*** Opening MATERIAL SHOWN ***
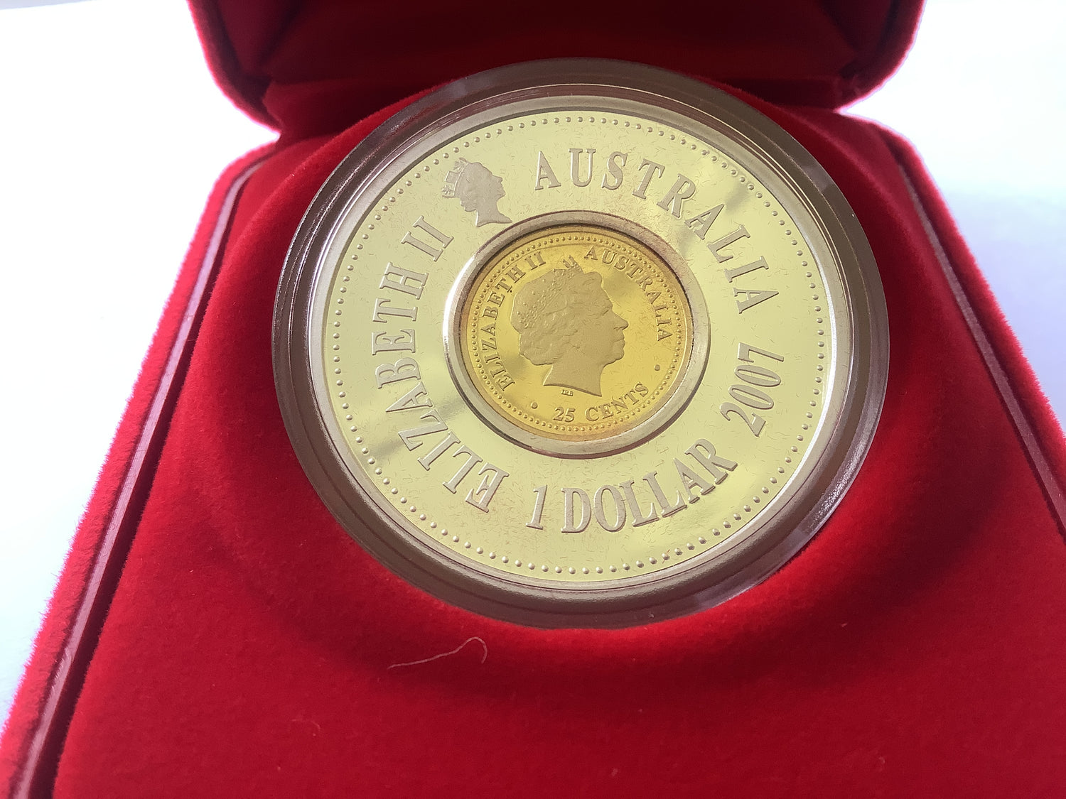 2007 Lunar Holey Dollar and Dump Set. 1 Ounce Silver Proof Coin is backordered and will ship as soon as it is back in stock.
*** Closing MATERIAL SHOWN ***
*** Opening MATERIAL SHOWN ***
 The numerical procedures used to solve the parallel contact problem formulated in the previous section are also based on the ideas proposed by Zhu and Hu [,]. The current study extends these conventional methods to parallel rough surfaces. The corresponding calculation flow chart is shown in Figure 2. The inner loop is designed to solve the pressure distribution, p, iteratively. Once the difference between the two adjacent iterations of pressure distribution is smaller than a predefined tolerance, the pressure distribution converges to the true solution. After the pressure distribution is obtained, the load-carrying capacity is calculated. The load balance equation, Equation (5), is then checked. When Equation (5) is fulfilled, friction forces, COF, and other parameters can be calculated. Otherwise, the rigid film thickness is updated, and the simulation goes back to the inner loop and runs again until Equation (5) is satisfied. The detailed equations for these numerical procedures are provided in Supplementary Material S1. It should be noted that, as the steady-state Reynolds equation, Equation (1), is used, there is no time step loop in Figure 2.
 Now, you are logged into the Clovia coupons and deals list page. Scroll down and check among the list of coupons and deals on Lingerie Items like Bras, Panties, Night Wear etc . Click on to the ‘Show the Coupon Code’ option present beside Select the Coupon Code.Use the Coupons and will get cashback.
*** Closing MATERIAL SHOWN ***
*** Opening MATERIAL SHOWN ***
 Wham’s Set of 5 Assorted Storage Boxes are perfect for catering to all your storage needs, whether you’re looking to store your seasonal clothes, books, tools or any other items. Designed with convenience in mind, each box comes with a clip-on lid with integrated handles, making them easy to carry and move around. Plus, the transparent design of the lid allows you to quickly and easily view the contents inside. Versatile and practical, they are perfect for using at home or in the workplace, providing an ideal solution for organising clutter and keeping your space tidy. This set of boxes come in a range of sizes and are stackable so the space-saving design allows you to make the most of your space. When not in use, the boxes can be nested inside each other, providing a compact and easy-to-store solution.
*** Closing MATERIAL SHOWN ***
> TASK TO COMPLETE:
Please copy each line of the material that has the string "other" somewhere in it.

> EXERCISE RESPONSE:
 The numerical procedures used to solve the parallel contact problem formulated in the previous section are also based on the ideas proposed by Zhu and Hu [,]. The current study extends these conventional methods to parallel rough surfaces. The corresponding calculation flow chart is shown in Figure 2. The inner loop is designed to solve the pressure distribution, p, iteratively. Once the difference between the two adjacent iterations of pressure distribution is smaller than a predefined tolerance, the pressure distribution converges to the true solution. After the pressure distribution is obtained, the load-carrying capacity is calculated. The load balance equation, Equation (5), is then checked. When Equation (5) is fulfilled, friction forces, COF, and other parameters can be calculated. Otherwise, the rigid film thickness is updated, and the simulation goes back to the inner loop and runs again until Equation (5) is satisfied. The detailed equations for these numerical procedures are provided in Supplementary Material S1. It should be noted that, as the steady-state Reynolds equation, Equation (1), is used, there is no time step loop in Figure 2.
 Wham’s Set of 5 Assorted Storage Boxes are perfect for catering to all your storage needs, whether you’re looking to store your seasonal clothes, books, tools or any other items. Designed with convenience in mind, each box comes with a clip-on lid with integrated handles, making them easy to carry and move around. Plus, the transparent design of the lid allows you to quickly and easily view the contents inside. Versatile and practical, they are perfect for using at home or in the workplace, providing an ideal solution for organising clutter and keeping your space tidy. This set of boxes come in a range of sizes and are stackable so the space-saving design allows you to make the most of your space. When not in use, the boxes can be nested inside each other, providing a compact and easy-to-store solution.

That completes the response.